= Colin "Bomber" Harris vs Colin "Bomber" Harris =

Monty Python comedy sketch

"Colin 'Bomber' Harris vs Colin 'Bomber' Harris" is a Monty Python comedy sketch in which wrestler Colin Harris (Graham Chapman) fights himself, Colin Harris. As Colin fights himself, a commentator (John Cleese, with Michael Palin as MC in both versions) hastily reports the events.

Sir Arthur Harris was the Air Marshal of the RAF during the second World War. His heavy use of four engine bombers during the war earned him the nickname "Bomber Harris".

The routine dates back to Chapman's college days and he also performed it in the first episode of At Last The 1948 Show, broadcast in the UK on 15 February 1967. It was later adopted by the Pythons, who filmed a version for the second Monty Python's Fliegender Zirkus episode, broadcast in Germany on 18 December 1972. The routine also featured in many of the troupe's live shows and can be seen in the film of Monty Python Live at the Hollywood Bowl (1982). It was also cited in Monty Python's Personal Best as one of Graham Chapman's best sketches.

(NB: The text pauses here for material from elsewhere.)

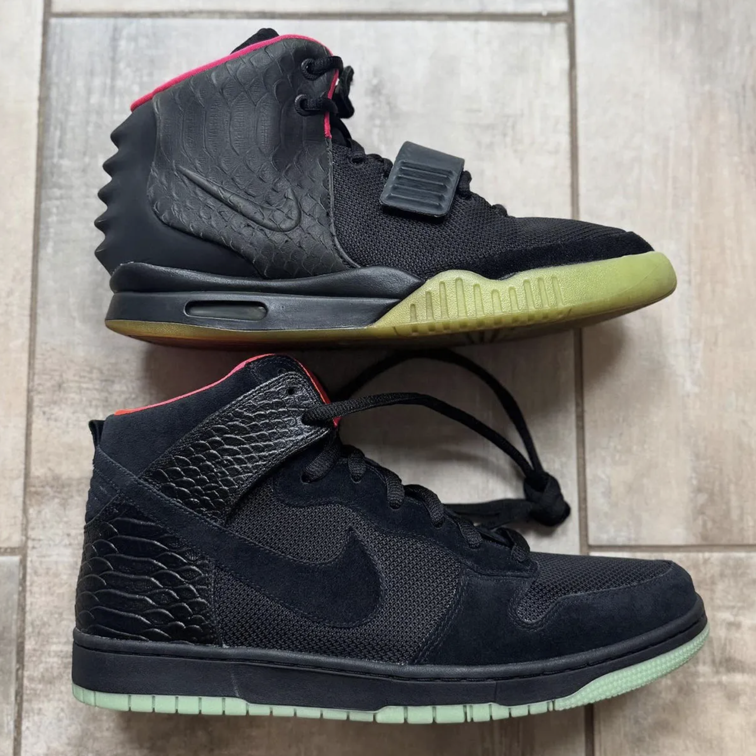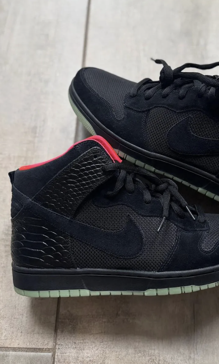 Un sample inédit vient de surgir : un Nike Dunk High “Solar Red”, inspiré directement de la Yeezy 2 “Solar Red”. On y retrouve les codes visuels de l’original — intérieur rouge vif, semelle semi-transparente verte — mais transposés sur une silhouette Dunk : tige noire mixant suede, mesh et détails façon croco au talon.
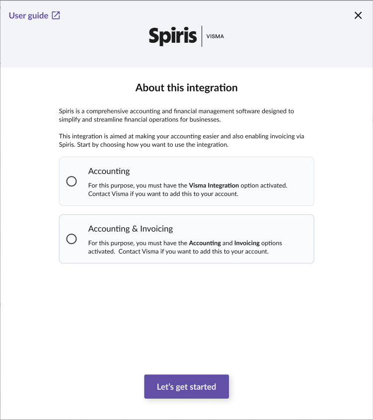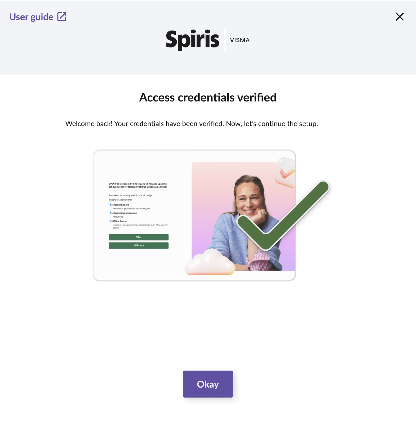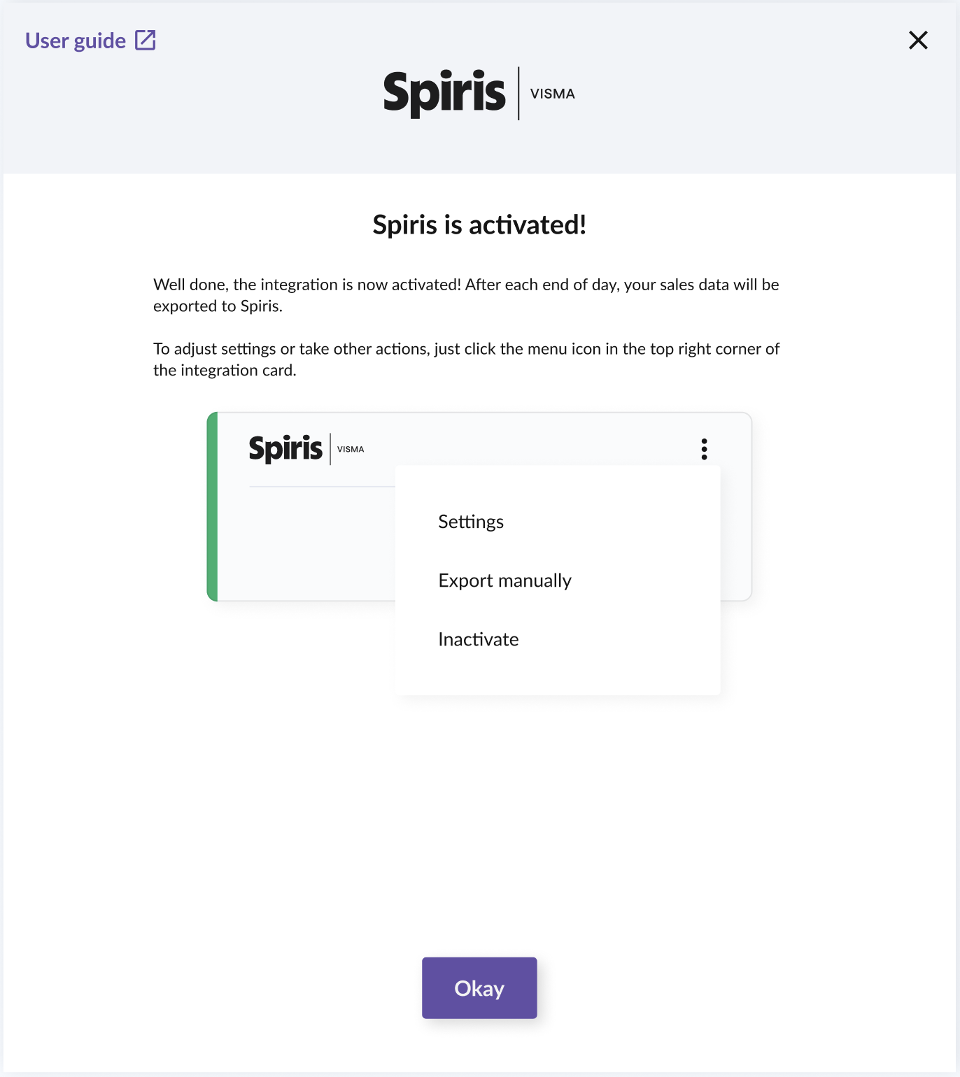 - Once you have chosen all bookkeeping accounts, the Spiris integration is activated. Press OK to close the dialog.

The sketch was originally titled "Half Nelson" when A Clump of Plinths, the Cambridge Footlights Revue of 1963 premiered at the York Festival, and it was written by Tony Buffery (later replaced with Graham Chapman). It was renamed "One-Man Wrestling" during the show's run on the West End.

==Harris holds==
The sketch includes the following moves:

1. The "Hand Hold" in which Colin simultaneously attempts to grab his own hand while trying to fight it away, eventually failing. Cleese remarks, "He's going for the hand hold...he's got it."
2. Working on his "weak left knee".
3. Biting his own foot, which earns him a public warning from the referee and much ire from himself.
4. The "Double Overhead Nostril", where Colin brings his arm upwards, lowering his hand over his face and inserting his middle and index fingers into his nose.
5. Colin succeeds in gaining a fall by lying on the ground and bringing his legs up beside his head, locking his knees in his elbows; called the "Double Overhead" in the Fliegender Zirkus Version.
6. A "Strawberry whip", "Vanilla whip", and "Chocolate whip"—called "the flying Welshman" and "the half Egyptian" in the Fliegender Zirkus version—usually consisting of three forward somersaults while Colin elbows himself in the back of his neck.
7. "Colin's most famous hold, the one-neck-over-shoulder-Gerry Ford" (known as "The famous over-right-shoulder-Gerry Ford" in the City Center version) called the half-crab in the Fliegender Zirkus version, where Colin's right leg is brought over his shoulder, and he crawls along the ground in a pained manner with his remaining arm and leg. Colin manages to crawl to the ropes, and Cleese remarks that he was "lucky there".
8. Colin manages to catch himself by surprise by bringing his arms around his neck, his hands firmly pressing the ground in an attempt to pin; this move is known as the "Double Eydie Gormé" and is called "the neck pin" in the Fliegender Zirkus version. He is able to twist out of it.

==Match result==
- The match ends with Colin hitting himself in the head with his forearm, effectively knocking himself out. He is declared the winner, but is announced to meet himself again in the coming finals.